SUPPLIED ENTRIES START

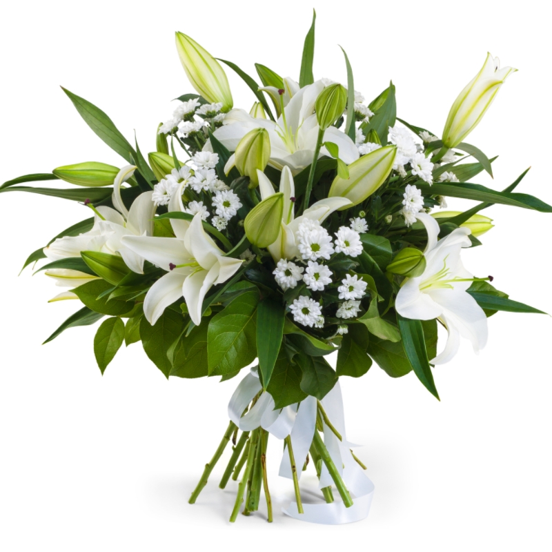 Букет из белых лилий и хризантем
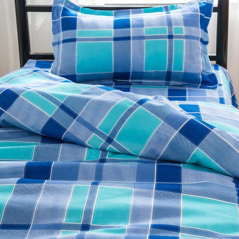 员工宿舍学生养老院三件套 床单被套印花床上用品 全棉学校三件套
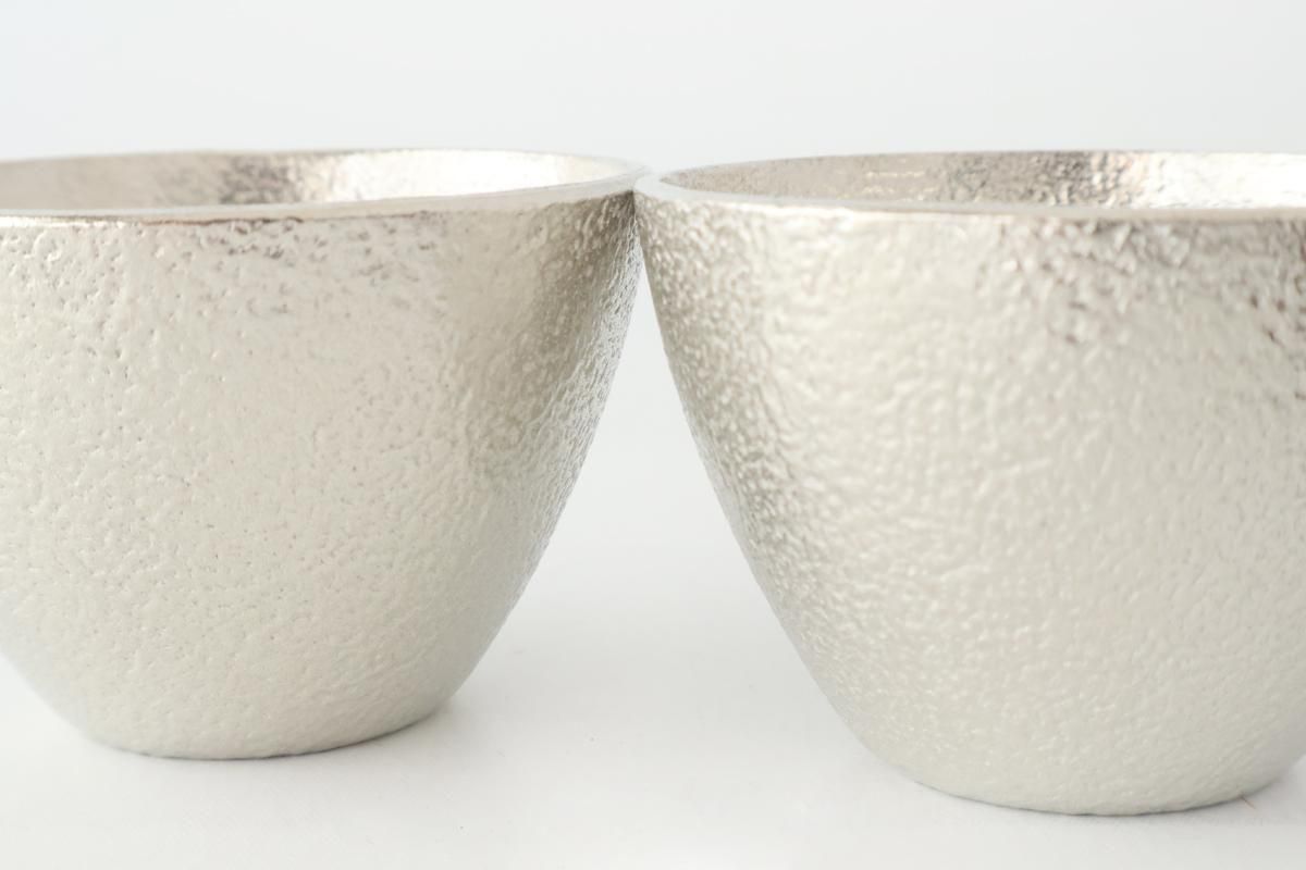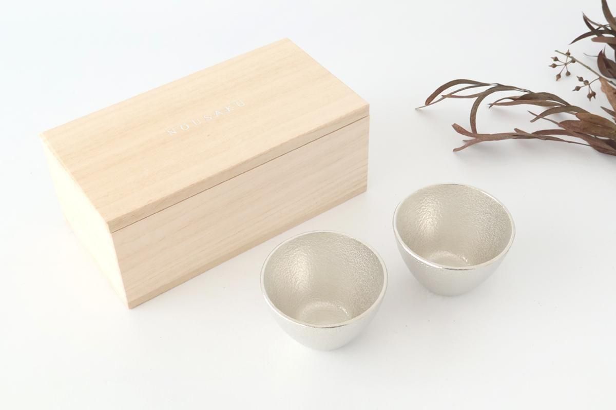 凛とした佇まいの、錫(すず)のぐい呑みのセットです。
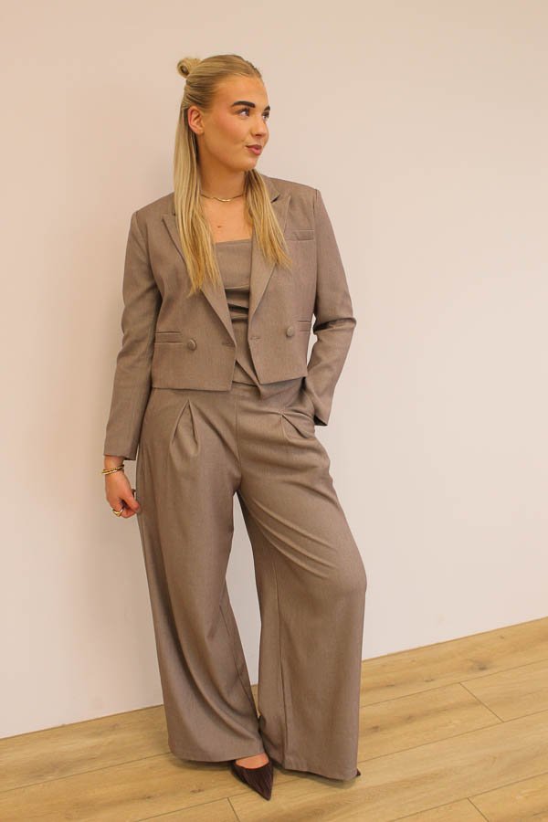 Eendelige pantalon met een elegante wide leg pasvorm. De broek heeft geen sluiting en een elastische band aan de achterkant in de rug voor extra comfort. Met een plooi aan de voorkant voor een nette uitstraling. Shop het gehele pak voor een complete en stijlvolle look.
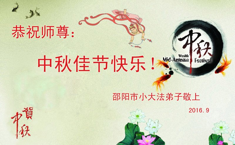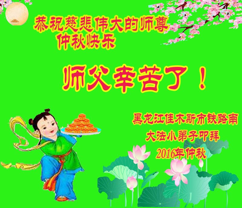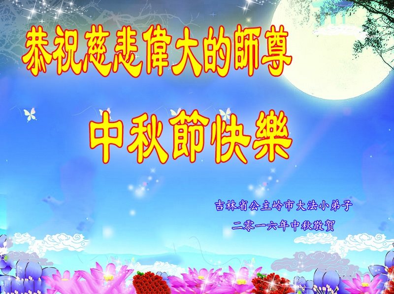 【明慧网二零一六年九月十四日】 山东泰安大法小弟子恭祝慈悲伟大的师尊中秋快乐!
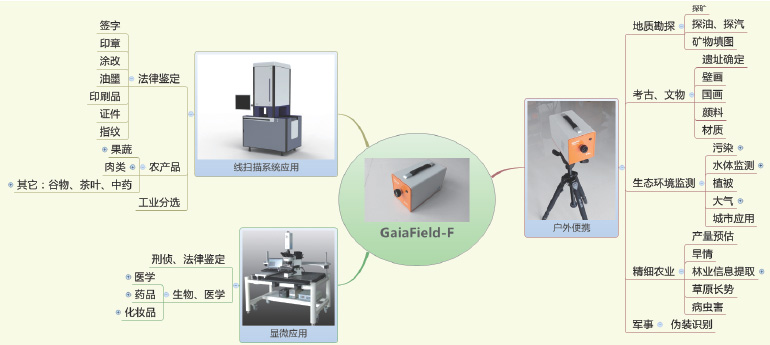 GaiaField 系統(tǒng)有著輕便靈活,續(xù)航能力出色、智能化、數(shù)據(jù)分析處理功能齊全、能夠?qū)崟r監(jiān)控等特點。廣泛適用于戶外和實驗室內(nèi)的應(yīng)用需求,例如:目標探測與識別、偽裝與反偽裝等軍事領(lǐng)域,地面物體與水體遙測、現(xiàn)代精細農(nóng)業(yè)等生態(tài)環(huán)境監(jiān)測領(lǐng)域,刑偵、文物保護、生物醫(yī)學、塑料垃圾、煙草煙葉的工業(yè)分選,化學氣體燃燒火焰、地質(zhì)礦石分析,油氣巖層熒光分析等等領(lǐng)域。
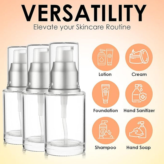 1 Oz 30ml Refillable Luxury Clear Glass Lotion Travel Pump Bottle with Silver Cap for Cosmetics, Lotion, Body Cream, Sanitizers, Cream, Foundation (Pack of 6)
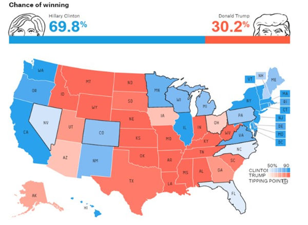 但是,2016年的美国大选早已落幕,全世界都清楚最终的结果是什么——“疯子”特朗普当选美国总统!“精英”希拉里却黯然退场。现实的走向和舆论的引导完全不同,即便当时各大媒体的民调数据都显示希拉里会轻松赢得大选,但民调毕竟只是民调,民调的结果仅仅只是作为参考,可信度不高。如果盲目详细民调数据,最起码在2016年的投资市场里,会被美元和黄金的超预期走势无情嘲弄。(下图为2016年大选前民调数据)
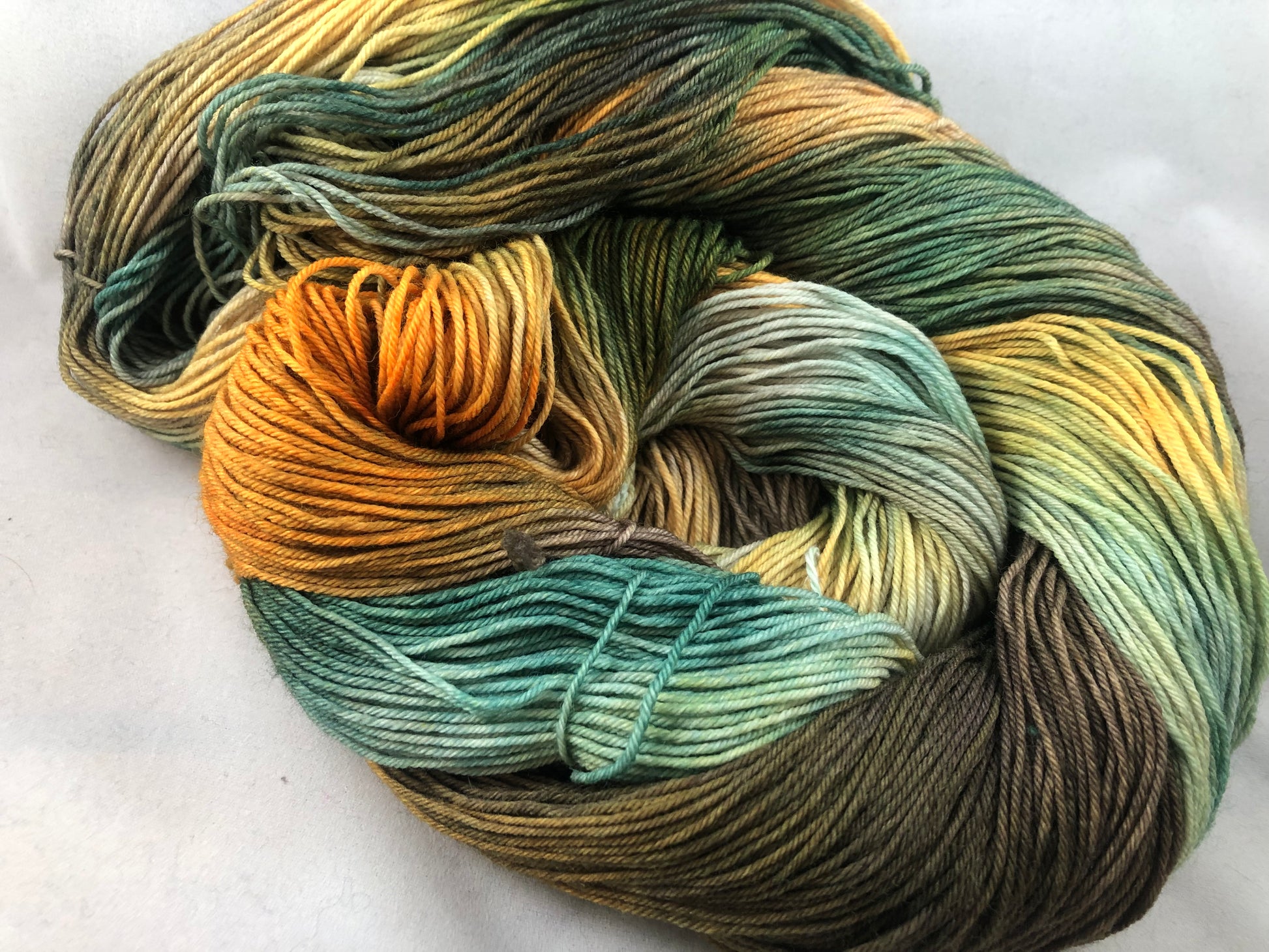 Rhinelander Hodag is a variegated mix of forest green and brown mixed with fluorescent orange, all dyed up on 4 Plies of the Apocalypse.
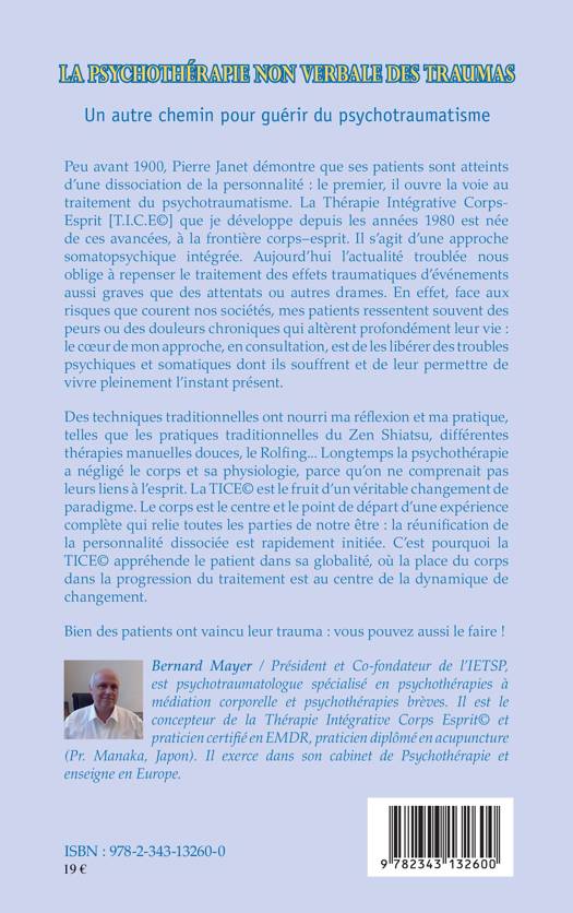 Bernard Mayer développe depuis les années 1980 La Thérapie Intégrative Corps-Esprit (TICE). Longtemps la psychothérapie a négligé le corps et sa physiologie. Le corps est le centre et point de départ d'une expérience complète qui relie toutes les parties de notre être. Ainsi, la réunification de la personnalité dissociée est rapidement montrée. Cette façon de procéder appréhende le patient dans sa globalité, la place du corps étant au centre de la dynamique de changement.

SUPPLIED ENTRIES END

» **TRY IT**: Keep the pictures out of your copy. Copy only the lines from the line that holds "Rhinelander Hodag is" through the last line of the listing above, both included.

» **SOLUTION TO THIS PROBLEM**:
 Rhinelander Hodag is a variegated mix of forest green and brown mixed with fluorescent orange, all dyed up on 4 Plies of the Apocalypse.
 Bernard Mayer développe depuis les années 1980 La Thérapie Intégrative Corps-Esprit (TICE). Longtemps la psychothérapie a négligé le corps et sa physiologie. Le corps est le centre et point de départ d'une expérience complète qui relie toutes les parties de notre être. Ainsi, la réunification de la personnalité dissociée est rapidement montrée. Cette façon de procéder appréhende le patient dans sa globalité, la place du corps étant au centre de la dynamique de changement.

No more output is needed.